* **Available data**:
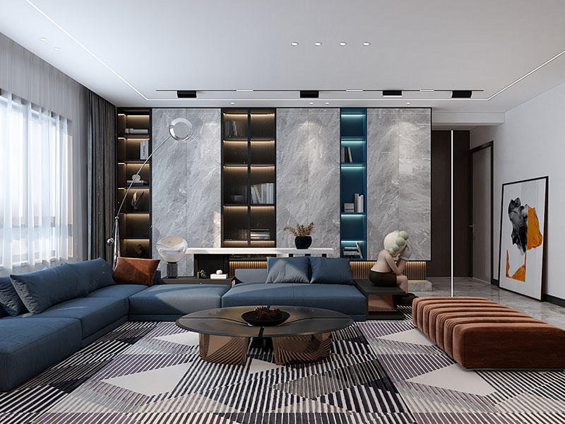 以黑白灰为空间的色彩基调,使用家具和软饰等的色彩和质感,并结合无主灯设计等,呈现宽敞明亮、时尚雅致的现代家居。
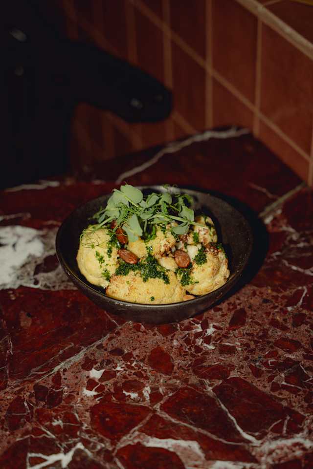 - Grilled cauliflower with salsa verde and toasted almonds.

==

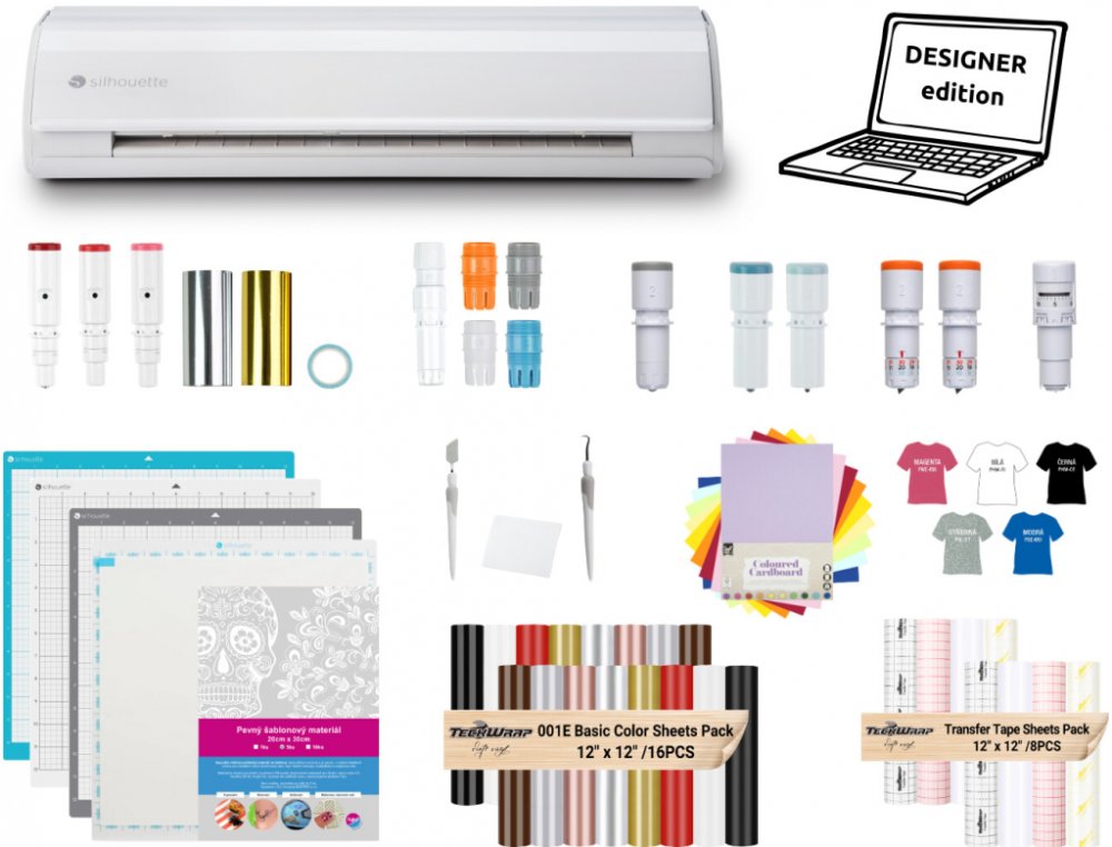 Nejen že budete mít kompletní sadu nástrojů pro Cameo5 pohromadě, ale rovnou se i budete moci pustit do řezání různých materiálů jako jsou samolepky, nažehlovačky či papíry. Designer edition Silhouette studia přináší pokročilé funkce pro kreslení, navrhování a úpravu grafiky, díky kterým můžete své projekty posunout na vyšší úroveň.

--

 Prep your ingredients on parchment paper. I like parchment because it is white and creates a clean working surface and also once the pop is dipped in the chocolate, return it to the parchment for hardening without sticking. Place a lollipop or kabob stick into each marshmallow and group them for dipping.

* **What you should do**:
Within the entries above, give again exactly the lines starting at the one that contains "以黑白灰为空间的色彩基调,使" and ending at the one that contains "- Grilled cauliflower", leaving out the pictures.

* **Answer to the exercise**:
 以黑白灰为空间的色彩基调,使用家具和软饰等的色彩和质感,并结合无主灯设计等,呈现宽敞明亮、时尚雅致的现代家居。
 - Grilled cauliflower with salsa verde and toasted almonds.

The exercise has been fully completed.